=== Material supplied ===
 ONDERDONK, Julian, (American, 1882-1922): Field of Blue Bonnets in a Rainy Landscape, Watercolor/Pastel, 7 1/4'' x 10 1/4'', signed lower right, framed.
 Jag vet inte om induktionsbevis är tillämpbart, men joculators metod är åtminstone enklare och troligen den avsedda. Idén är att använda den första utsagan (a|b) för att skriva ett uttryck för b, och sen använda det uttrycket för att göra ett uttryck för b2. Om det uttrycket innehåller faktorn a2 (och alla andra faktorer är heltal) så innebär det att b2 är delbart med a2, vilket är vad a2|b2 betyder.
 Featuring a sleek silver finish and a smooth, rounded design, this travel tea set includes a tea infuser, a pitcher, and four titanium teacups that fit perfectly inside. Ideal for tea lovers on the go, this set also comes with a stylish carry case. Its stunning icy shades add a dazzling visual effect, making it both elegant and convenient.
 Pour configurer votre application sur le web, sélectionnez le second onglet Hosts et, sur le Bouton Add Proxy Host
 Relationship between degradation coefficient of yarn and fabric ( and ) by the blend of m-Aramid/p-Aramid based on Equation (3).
===
=== Material supplied ===
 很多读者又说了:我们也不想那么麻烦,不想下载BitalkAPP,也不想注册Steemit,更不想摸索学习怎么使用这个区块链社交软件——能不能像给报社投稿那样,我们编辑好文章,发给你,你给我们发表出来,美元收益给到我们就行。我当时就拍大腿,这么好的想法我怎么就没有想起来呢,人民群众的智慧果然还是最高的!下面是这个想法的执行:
===
What the task asks
Using only the entries above, output the line with "Featuring a sleek", the line with "Relationship between degradation", and all lines between them, exactly as they stand.

The answer
 Featuring a sleek silver finish and a smooth, rounded design, this travel tea set includes a tea infuser, a pitcher, and four titanium teacups that fit perfectly inside. Ideal for tea lovers on the go, this set also comes with a stylish carry case. Its stunning icy shades add a dazzling visual effect, making it both elegant and convenient.
 Pour configurer votre application sur le web, sélectionnez le second onglet Hosts et, sur le Bouton Add Proxy Host
 Relationship between degradation coefficient of yarn and fabric ( and ) by the blend of m-Aramid/p-Aramid based on Equation (3).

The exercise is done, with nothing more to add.